### What is required
Write the data out again exactly, dropping any images it holds.

#### Data block

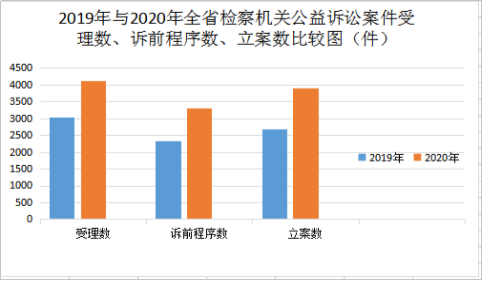 共受理各类公益诉讼案件线索4130,同比上升36.21%。审查后,启动诉前程序3318件,同比上升43.14%提起公益诉讼174件,占立案数的4.47%
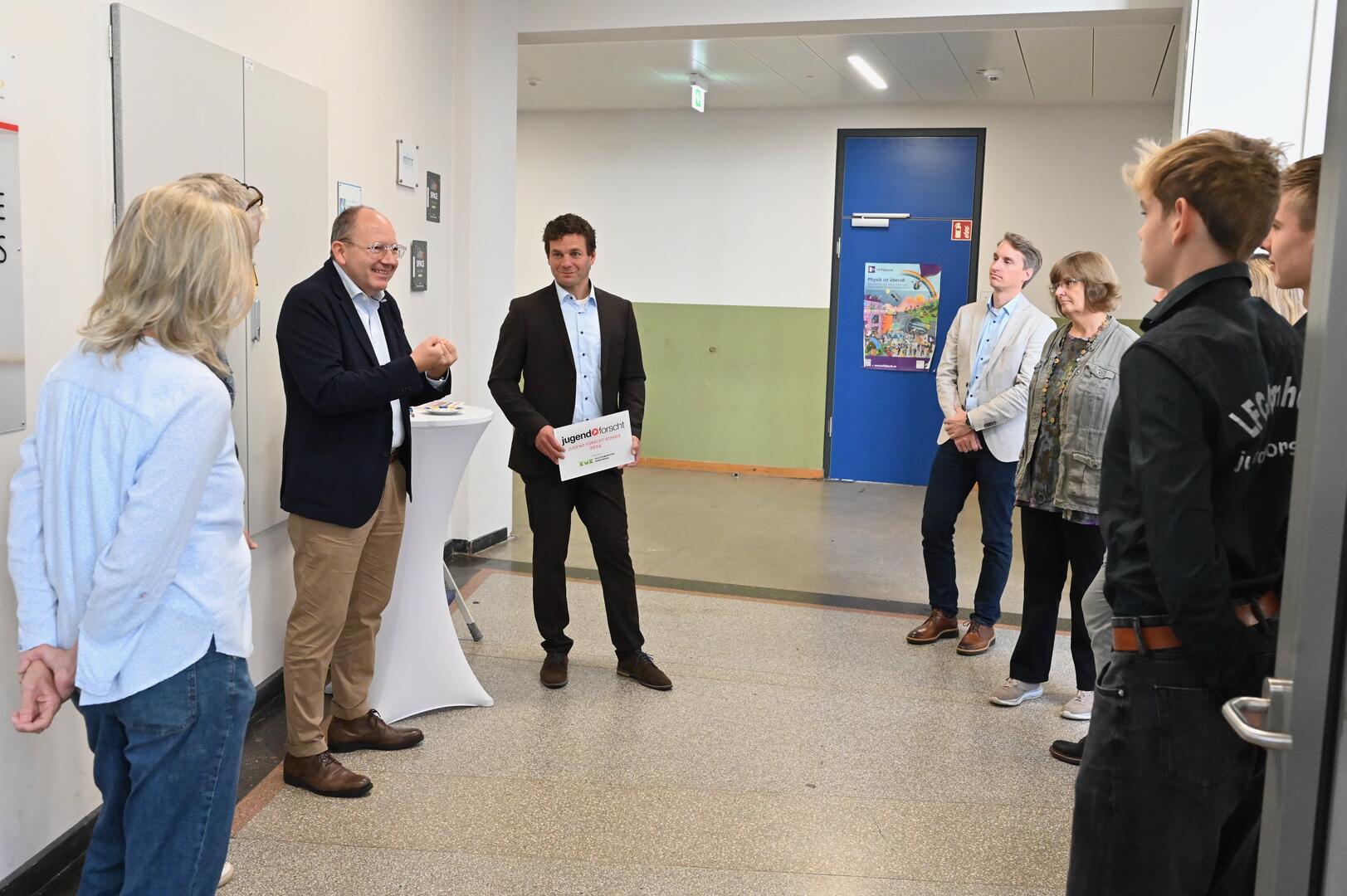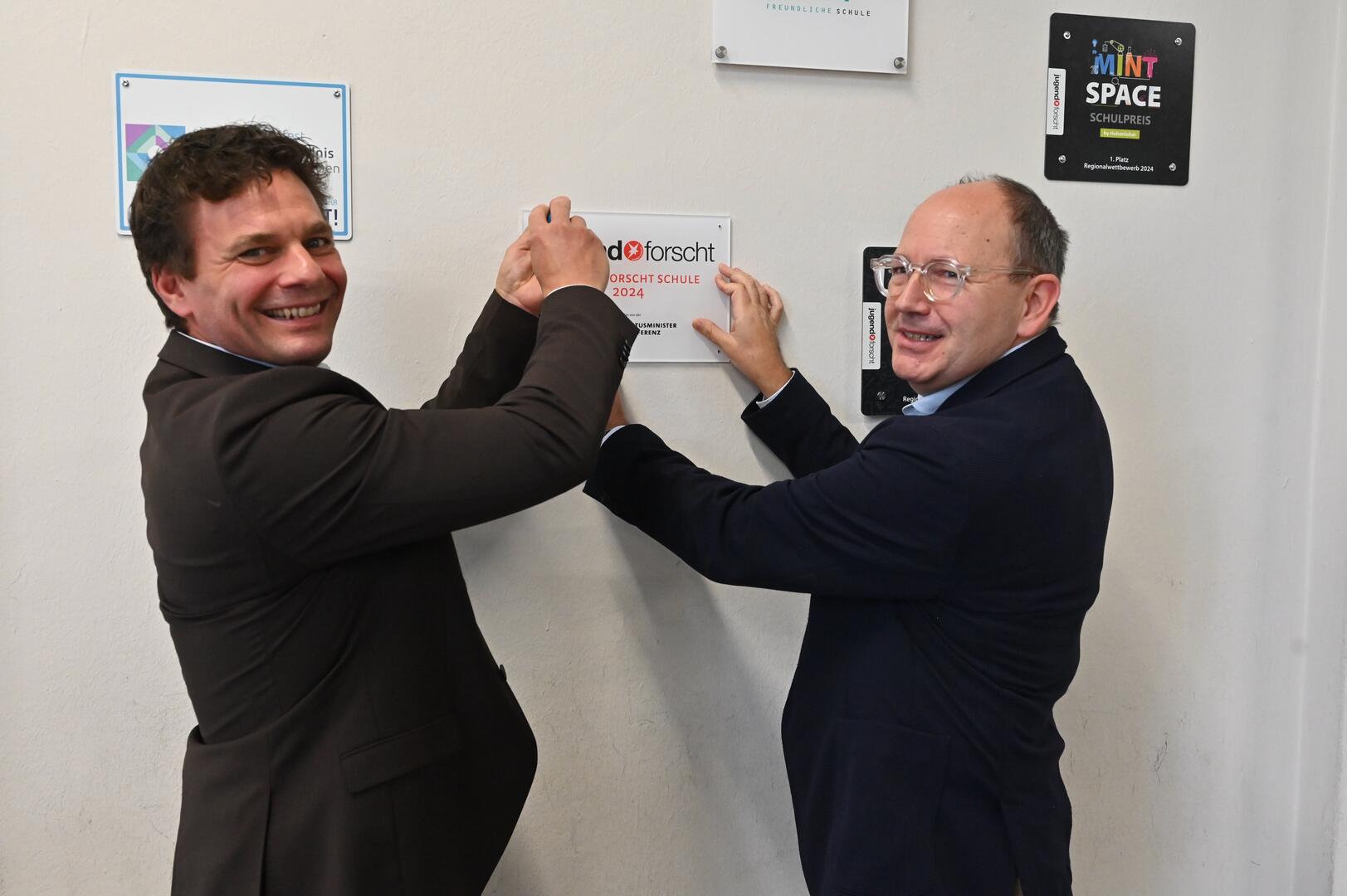 Bei einer kleinen Feier brachte Oberbürgermeister Christian Specht gemeinsam mit Schulleiter Stefan Weirether die dazugehörigen Plaketten persönlich im Schulgebäude an. Dabei lobte er die Schule für ihr vorbildliches Engagement in den Bereichen Forschung und Vielfalt und betonte, wie wichtig es sei, den Schülerinnen und Schülern nicht nur Wissen zu vermitteln, sondern auch Werte wie Respekt, Offenheit und soziales Engagement zu fördern. Er hob hervor, dass das Ludwig-Frank-Gymnasium mit diesen Auszeichnungen eine Vorreiterrolle in Mannheim einnimmt; einer Stadt, die schon immer von der Vielfalt und dem Erfindungsreichtum seiner Bürgerinnen und Bürger lebt.
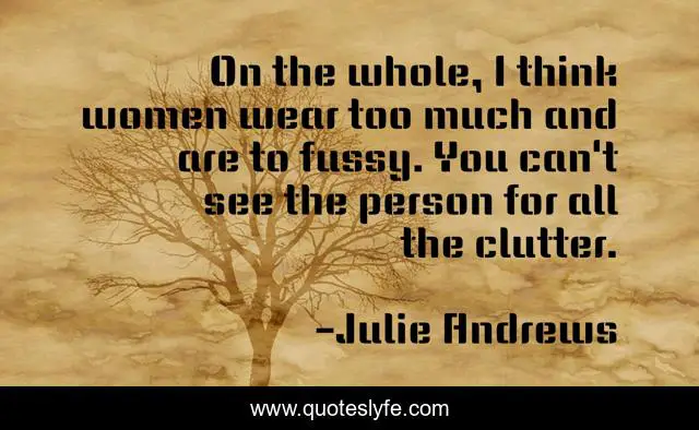 This page presents the quote "On the whole, I think women wear too much and are to fussy. You can't see the person for all the clutter.". Author of this quote is Julie Andrews. This quote is about see, think,.
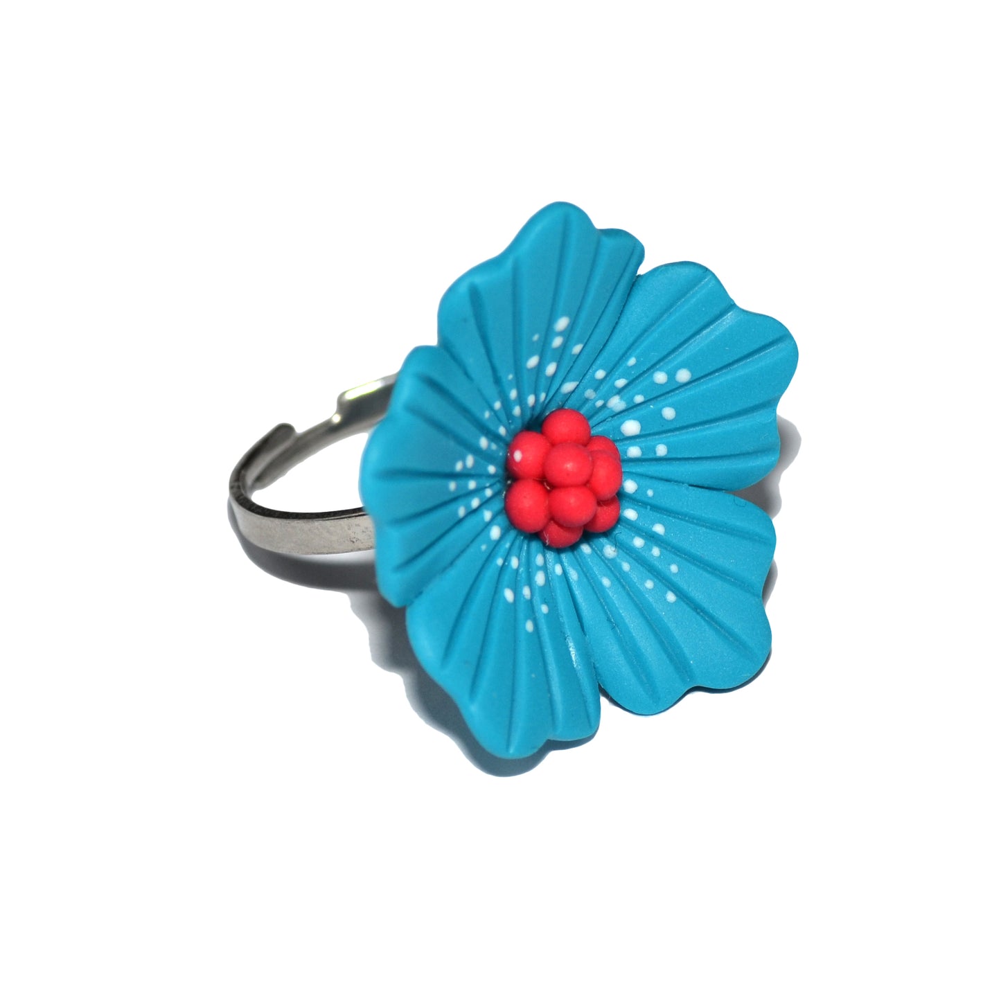 Δαχτυλίδι λουλούδι τυρκουάζ από πολυμερικό πηλό με ατσάλινη βάση

########

### Task answer
 共受理各类公益诉讼案件线索4130,同比上升36.21%。审查后,启动诉前程序3318件,同比上升43.14%提起公益诉讼174件,占立案数的4.47%
 Bei einer kleinen Feier brachte Oberbürgermeister Christian Specht gemeinsam mit Schulleiter Stefan Weirether die dazugehörigen Plaketten persönlich im Schulgebäude an. Dabei lobte er die Schule für ihr vorbildliches Engagement in den Bereichen Forschung und Vielfalt und betonte, wie wichtig es sei, den Schülerinnen und Schülern nicht nur Wissen zu vermitteln, sondern auch Werte wie Respekt, Offenheit und soziales Engagement zu fördern. Er hob hervor, dass das Ludwig-Frank-Gymnasium mit diesen Auszeichnungen eine Vorreiterrolle in Mannheim einnimmt; einer Stadt, die schon immer von der Vielfalt und dem Erfindungsreichtum seiner Bürgerinnen und Bürger lebt.
 This page presents the quote "On the whole, I think women wear too much and are to fussy. You can't see the person for all the clutter.". Author of this quote is Julie Andrews. This quote is about see, think,.
 Δαχτυλίδι λουλούδι τυρκουάζ από πολυμερικό πηλό με ατσάλινη βάση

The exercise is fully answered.